(Stored data entries)
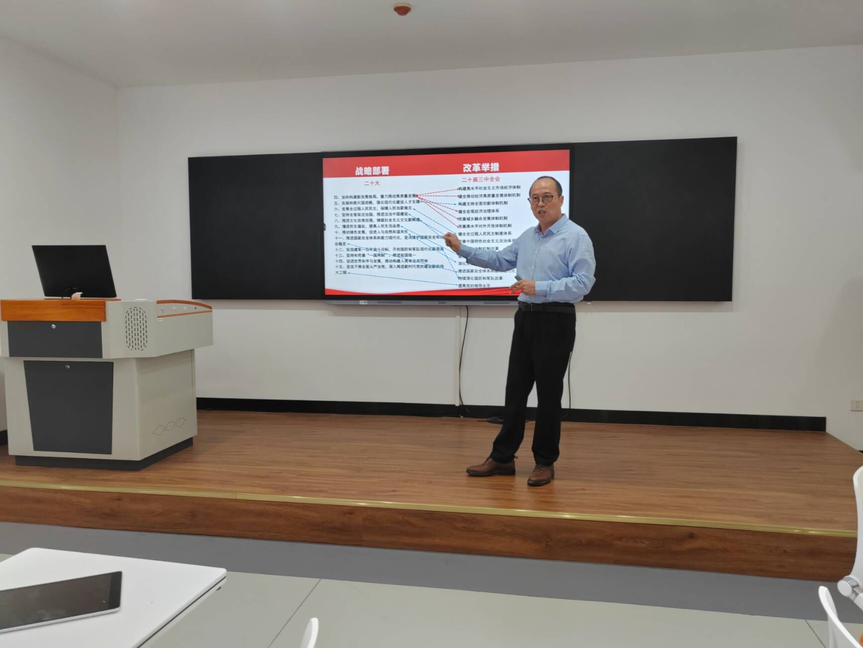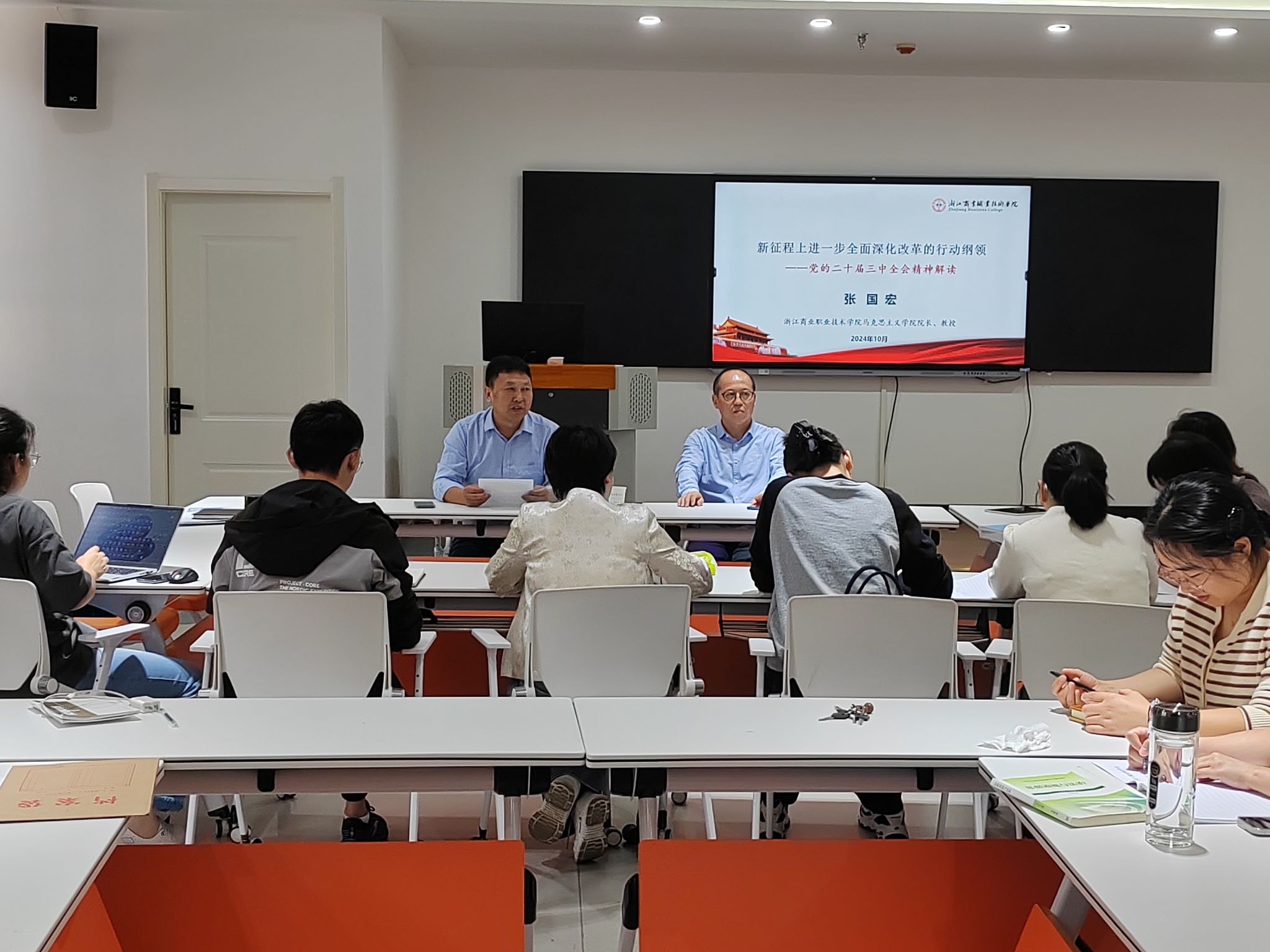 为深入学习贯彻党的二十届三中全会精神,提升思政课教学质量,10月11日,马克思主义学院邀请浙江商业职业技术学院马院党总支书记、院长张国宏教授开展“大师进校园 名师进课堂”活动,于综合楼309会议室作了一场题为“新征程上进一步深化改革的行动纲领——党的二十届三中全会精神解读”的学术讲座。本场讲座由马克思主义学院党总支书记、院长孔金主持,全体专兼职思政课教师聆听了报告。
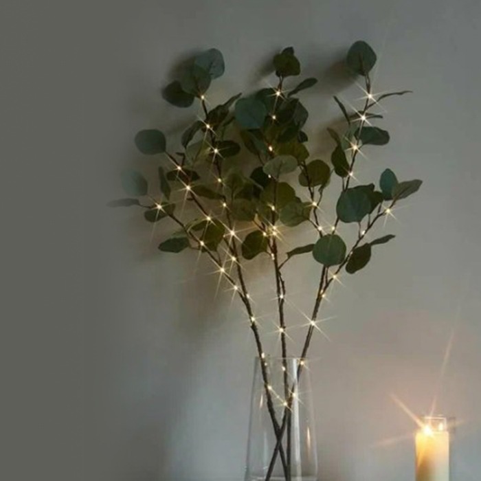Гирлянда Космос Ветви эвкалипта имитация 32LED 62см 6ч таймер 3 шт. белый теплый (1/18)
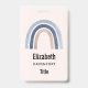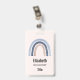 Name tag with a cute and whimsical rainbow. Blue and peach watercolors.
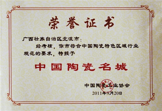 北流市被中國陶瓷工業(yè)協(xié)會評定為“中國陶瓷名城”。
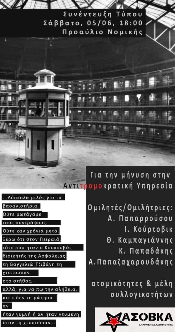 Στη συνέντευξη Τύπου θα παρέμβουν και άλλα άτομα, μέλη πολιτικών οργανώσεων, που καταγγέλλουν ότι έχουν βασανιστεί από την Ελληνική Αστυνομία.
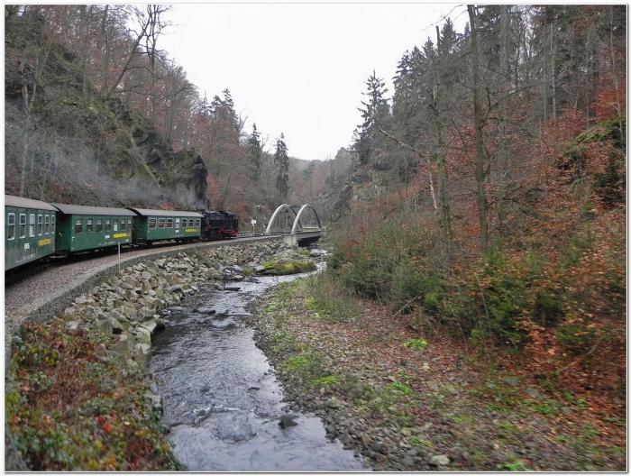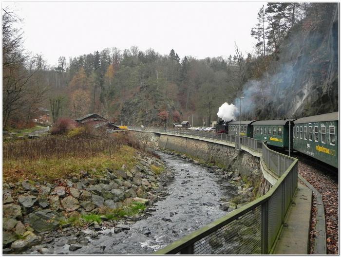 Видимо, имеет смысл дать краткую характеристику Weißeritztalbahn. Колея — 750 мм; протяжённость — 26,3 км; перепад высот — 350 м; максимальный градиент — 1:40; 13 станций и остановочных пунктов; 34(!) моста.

- _What is required_
Among the entries above, take the lines from the one with "Name tag with" through the one with "Στη συνέντευξη Τύπου" and retype them exactly, leaving out the pictures.

- _Result of this task_
 Name tag with a cute and whimsical rainbow. Blue and peach watercolors.
 北流市被中國陶瓷工業(yè)協(xié)會評定為“中國陶瓷名城”。
 Στη συνέντευξη Τύπου θα παρέμβουν και άλλα άτομα, μέλη πολιτικών οργανώσεων, που καταγγέλλουν ότι έχουν βασανιστεί από την Ελληνική Αστυνομία.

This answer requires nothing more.